→ **BRIEF**
Look through the data below for the line with "مهندس دیده؛ سرپرست" and the line with "Kuva 2. Työpajatyöskentelyä.", then transcribe exactly from the first through the second, leaving out all pictures.

→ **SOURCE INFORMATION**
§
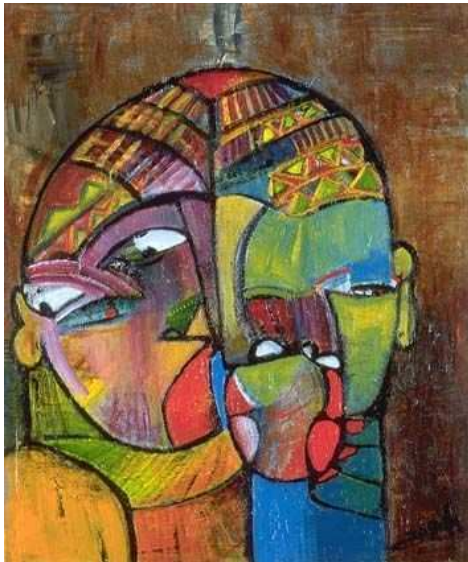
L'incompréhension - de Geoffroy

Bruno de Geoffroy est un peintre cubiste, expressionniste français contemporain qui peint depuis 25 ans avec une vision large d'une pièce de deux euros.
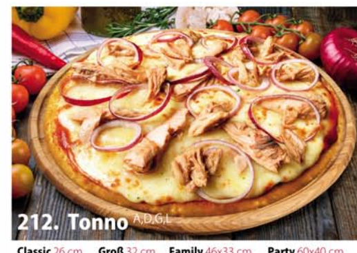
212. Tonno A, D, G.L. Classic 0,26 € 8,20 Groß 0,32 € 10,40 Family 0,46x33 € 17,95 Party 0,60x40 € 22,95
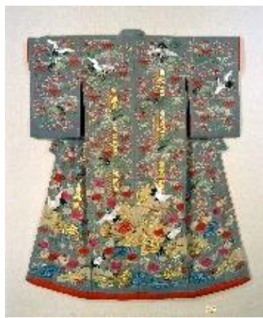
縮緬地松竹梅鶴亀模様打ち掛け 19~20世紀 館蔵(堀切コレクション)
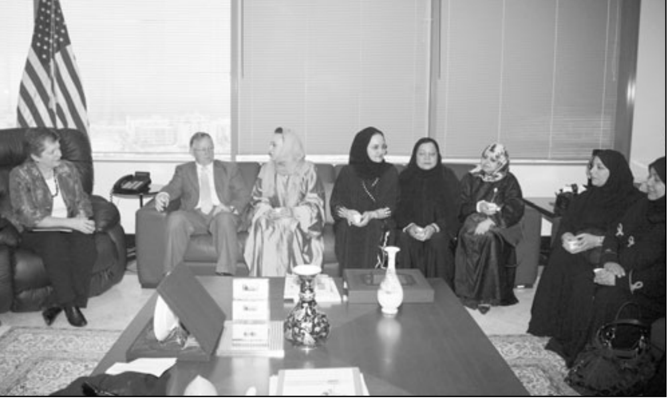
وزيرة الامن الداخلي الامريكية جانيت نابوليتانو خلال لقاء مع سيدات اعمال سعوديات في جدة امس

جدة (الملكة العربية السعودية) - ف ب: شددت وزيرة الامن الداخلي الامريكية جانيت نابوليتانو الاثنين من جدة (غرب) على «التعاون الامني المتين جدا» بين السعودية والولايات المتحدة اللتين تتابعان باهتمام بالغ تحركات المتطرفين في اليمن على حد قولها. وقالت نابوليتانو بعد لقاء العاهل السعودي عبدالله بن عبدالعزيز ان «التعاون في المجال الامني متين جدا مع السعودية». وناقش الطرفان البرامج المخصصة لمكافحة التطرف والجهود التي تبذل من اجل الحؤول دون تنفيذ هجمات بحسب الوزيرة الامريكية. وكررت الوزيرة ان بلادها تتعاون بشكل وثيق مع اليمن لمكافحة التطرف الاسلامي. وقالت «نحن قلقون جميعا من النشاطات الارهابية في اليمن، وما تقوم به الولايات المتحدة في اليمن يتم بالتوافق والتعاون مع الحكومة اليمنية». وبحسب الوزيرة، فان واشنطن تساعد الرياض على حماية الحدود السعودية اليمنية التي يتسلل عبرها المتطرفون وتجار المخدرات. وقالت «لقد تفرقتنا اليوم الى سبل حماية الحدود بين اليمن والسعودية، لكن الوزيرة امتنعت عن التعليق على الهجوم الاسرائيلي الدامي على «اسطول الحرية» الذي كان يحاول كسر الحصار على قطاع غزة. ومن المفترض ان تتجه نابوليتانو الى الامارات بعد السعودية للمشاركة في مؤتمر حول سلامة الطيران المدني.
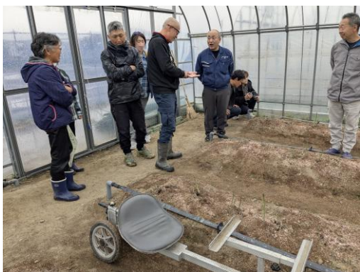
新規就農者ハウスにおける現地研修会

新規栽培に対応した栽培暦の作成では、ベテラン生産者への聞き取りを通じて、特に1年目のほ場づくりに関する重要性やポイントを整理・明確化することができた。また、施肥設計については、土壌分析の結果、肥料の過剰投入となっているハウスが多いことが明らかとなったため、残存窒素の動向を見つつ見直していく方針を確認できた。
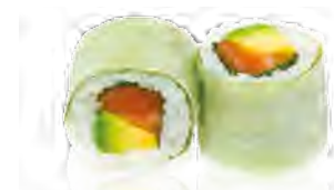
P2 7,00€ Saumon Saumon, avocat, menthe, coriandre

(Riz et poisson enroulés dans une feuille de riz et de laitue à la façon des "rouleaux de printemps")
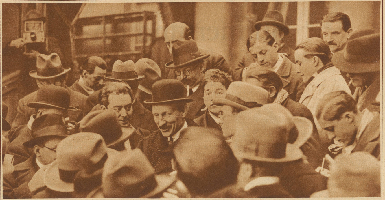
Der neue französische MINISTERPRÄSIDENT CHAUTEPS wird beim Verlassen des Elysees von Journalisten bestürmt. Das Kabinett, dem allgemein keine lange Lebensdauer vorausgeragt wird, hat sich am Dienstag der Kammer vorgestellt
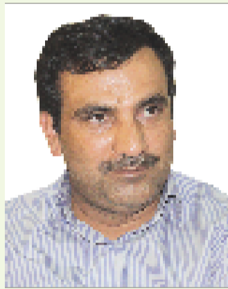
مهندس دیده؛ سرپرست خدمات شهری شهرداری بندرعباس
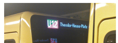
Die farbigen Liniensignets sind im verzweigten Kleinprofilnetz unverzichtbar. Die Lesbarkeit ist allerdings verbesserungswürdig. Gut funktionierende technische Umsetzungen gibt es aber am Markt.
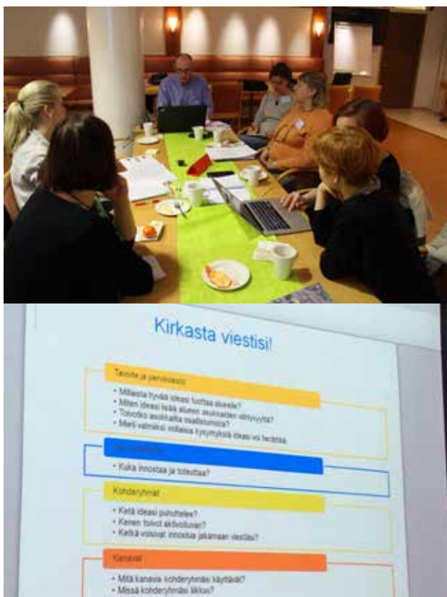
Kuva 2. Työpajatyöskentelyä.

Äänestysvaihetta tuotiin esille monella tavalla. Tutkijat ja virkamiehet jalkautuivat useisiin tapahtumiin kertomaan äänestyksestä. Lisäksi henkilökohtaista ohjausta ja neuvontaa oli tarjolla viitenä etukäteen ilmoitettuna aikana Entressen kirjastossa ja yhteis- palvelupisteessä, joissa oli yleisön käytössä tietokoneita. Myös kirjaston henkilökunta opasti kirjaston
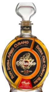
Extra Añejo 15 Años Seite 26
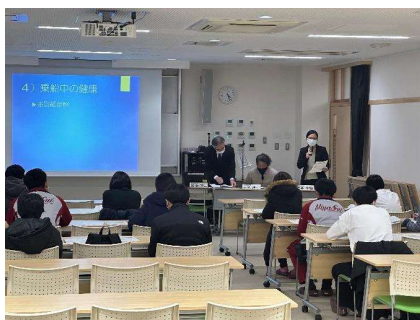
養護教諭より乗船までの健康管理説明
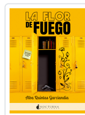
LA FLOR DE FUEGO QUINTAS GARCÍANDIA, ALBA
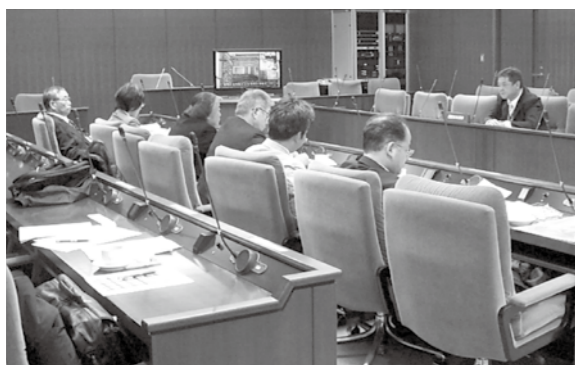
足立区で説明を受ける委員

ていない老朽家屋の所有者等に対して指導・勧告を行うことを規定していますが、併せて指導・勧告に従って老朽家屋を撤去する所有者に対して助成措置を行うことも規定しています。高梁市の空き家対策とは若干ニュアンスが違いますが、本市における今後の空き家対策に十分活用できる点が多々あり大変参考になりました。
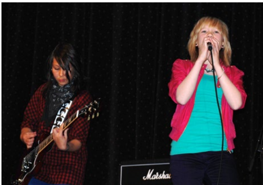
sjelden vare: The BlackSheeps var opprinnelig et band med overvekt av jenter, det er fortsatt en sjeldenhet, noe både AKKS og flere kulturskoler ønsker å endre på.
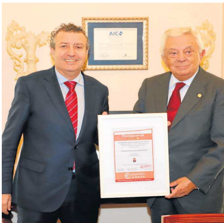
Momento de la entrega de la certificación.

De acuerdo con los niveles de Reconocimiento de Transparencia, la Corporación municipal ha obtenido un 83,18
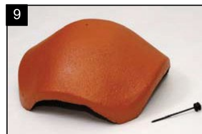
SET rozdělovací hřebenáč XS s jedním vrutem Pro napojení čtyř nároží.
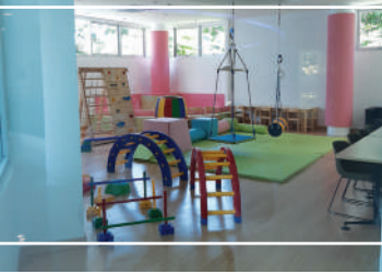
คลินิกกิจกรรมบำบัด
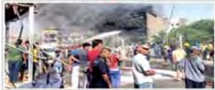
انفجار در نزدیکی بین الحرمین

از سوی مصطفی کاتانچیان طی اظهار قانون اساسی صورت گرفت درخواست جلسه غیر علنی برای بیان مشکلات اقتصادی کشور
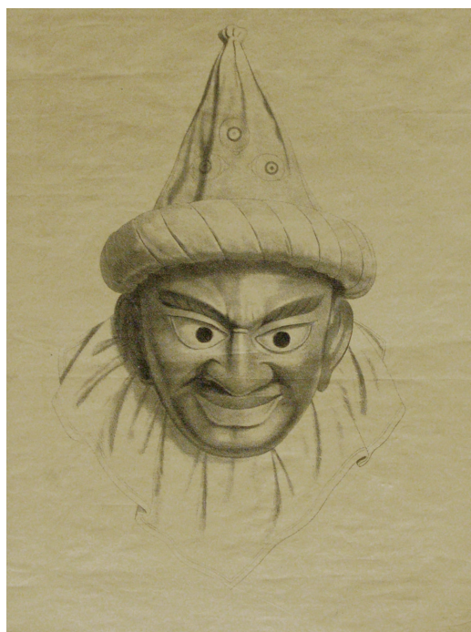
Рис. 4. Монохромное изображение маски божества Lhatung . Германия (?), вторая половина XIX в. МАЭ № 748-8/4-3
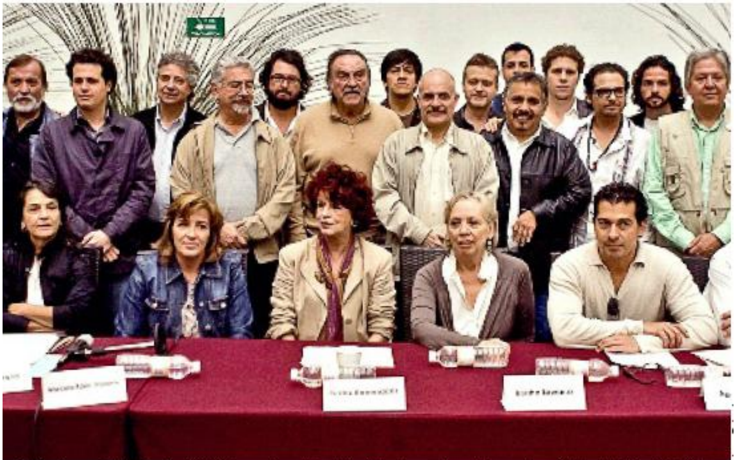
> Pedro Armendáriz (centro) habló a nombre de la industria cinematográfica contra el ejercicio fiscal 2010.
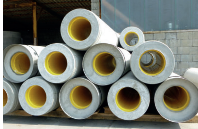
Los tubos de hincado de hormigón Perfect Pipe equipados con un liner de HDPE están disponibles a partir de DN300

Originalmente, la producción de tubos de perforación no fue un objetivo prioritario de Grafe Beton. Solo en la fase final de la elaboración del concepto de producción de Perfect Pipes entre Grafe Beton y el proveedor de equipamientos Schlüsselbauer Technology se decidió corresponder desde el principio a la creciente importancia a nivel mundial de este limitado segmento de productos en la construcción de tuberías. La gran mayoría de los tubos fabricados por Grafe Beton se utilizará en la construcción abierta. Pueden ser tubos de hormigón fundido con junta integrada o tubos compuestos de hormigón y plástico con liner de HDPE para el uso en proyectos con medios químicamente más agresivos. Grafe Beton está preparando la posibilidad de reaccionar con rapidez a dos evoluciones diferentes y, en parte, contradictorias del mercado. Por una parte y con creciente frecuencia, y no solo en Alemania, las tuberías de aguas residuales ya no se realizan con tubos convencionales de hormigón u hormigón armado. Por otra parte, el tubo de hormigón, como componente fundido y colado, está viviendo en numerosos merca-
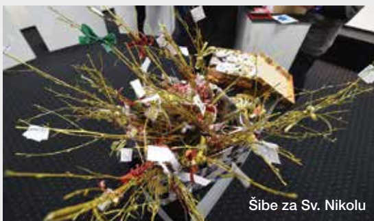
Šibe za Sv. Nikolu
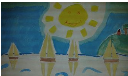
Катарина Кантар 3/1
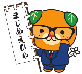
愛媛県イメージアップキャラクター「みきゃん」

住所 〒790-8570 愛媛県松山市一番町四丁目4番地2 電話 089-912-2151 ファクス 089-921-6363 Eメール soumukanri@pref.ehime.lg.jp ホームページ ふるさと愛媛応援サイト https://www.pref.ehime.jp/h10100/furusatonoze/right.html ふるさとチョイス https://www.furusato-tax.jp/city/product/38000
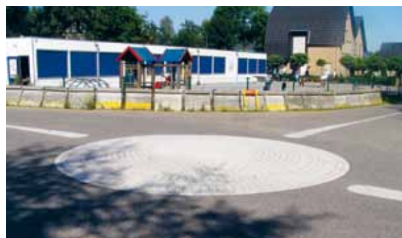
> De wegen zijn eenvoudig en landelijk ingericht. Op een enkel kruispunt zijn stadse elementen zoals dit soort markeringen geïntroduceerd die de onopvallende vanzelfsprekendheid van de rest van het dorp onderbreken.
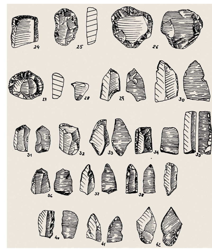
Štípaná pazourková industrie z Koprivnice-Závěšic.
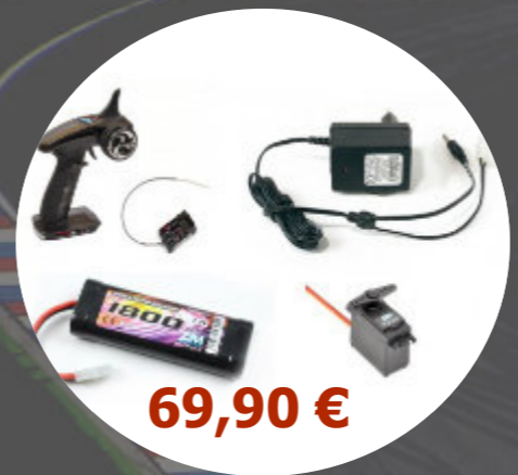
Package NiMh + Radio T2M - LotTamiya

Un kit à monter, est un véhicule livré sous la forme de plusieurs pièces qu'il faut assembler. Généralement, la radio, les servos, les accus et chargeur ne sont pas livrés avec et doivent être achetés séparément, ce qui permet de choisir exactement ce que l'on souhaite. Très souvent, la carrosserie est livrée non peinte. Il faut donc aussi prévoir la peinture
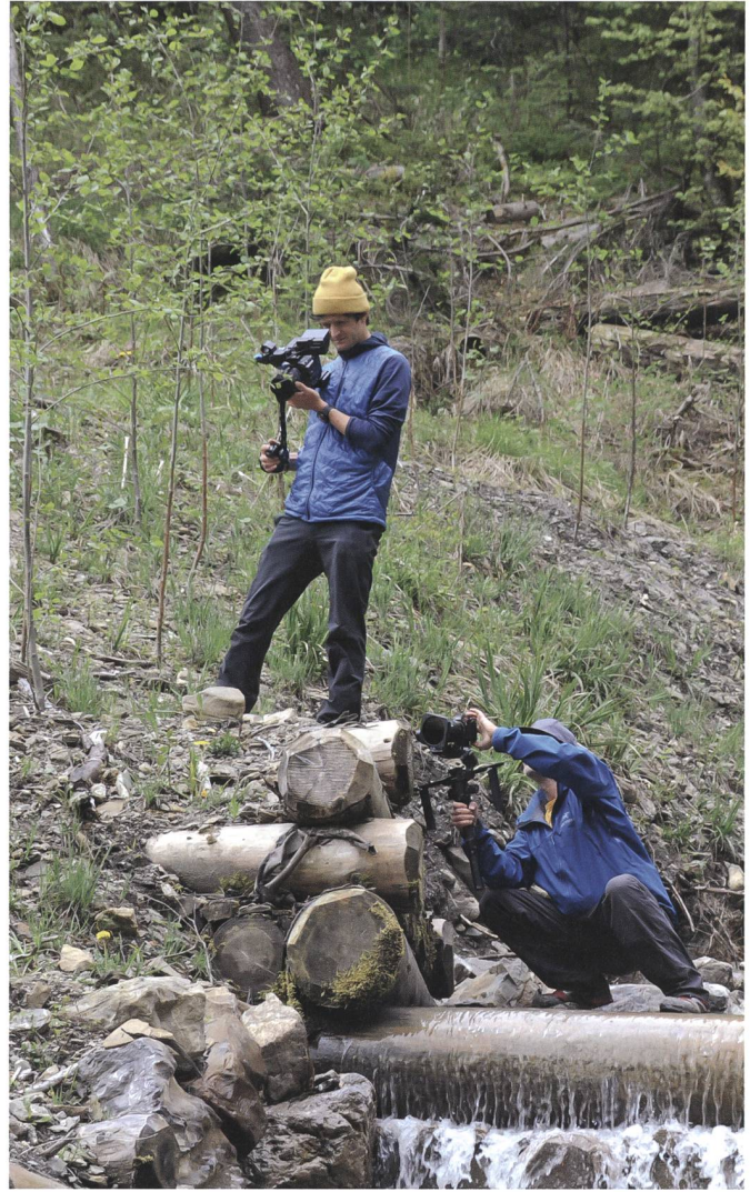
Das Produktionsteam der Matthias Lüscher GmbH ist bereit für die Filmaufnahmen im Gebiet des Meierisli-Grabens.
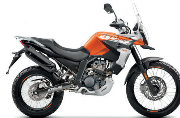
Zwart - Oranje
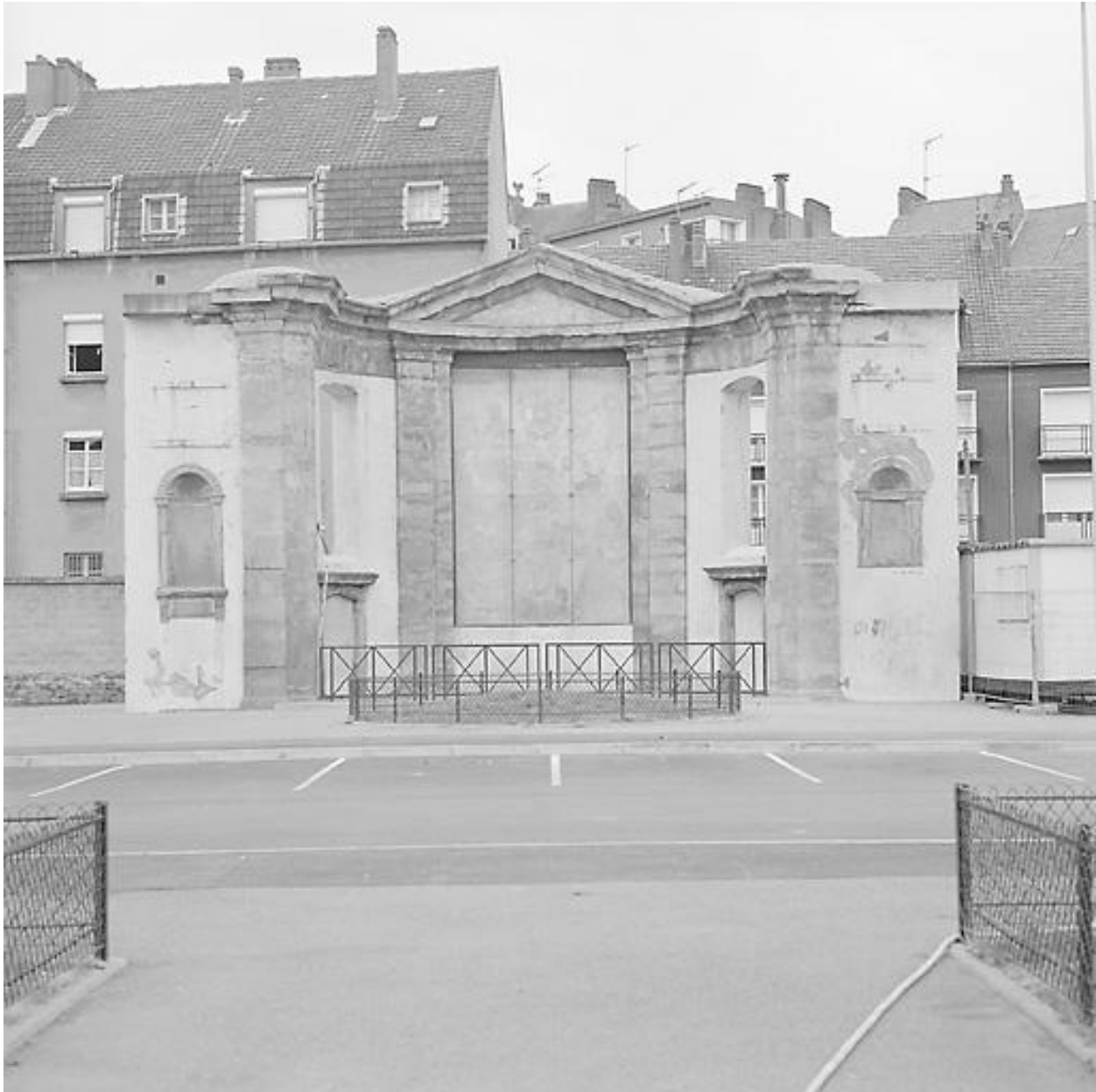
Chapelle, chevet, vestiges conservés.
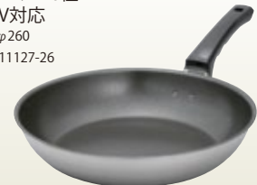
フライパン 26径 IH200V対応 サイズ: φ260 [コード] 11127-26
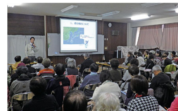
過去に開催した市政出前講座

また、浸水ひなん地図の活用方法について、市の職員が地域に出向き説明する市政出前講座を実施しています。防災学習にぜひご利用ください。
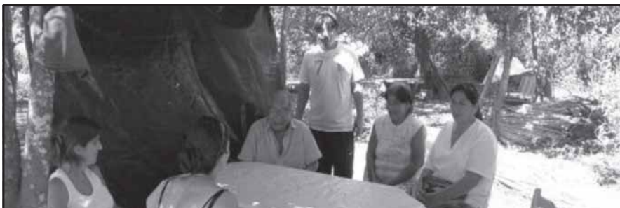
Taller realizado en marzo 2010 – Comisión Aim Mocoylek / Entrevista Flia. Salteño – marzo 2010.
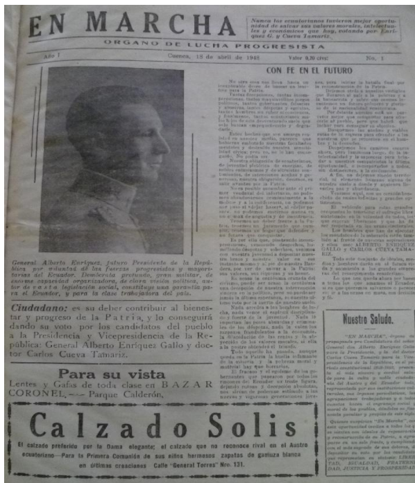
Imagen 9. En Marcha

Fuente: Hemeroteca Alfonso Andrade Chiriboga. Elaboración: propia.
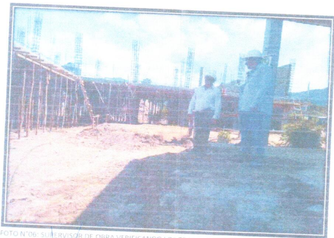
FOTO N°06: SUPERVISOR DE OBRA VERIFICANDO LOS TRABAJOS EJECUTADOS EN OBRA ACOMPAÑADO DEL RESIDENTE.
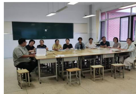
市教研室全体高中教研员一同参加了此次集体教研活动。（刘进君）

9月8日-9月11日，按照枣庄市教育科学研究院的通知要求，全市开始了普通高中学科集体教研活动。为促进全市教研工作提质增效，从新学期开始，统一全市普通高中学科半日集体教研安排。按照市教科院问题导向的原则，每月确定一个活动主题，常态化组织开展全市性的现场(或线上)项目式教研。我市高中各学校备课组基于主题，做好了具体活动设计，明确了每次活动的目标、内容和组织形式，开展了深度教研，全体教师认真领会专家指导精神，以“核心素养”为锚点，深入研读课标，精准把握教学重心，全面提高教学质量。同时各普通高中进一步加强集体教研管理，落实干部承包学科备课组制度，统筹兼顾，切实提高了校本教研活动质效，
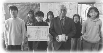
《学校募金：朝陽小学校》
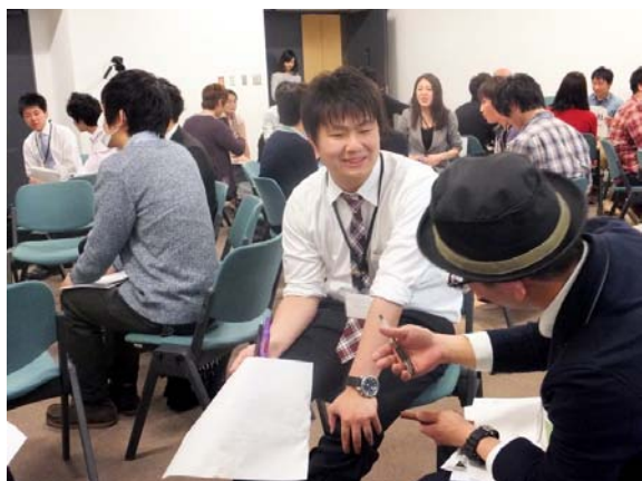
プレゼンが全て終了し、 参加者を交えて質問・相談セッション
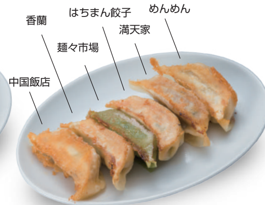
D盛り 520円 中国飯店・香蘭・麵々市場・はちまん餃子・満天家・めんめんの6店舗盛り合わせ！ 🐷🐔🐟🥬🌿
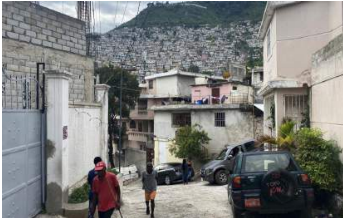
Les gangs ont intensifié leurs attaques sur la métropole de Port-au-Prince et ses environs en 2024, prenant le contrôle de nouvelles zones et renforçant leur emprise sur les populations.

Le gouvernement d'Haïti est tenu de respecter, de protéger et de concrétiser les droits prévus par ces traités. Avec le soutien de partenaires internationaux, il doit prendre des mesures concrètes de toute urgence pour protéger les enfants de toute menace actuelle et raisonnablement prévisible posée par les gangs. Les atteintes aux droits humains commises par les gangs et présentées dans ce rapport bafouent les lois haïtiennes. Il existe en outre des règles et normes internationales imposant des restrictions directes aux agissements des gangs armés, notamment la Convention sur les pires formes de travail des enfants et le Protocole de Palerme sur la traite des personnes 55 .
§
→ **RESULT OF THE EXERCISE**
مهندس دیده؛ سرپرست خدمات شهری شهرداری بندرعباس
Die farbigen Liniensignets sind im verzweigten Kleinprofilnetz unverzichtbar. Die Lesbarkeit ist allerdings verbesserungswürdig. Gut funktionierende technische Umsetzungen gibt es aber am Markt.
Kuva 2. Työpajatyöskentelyä.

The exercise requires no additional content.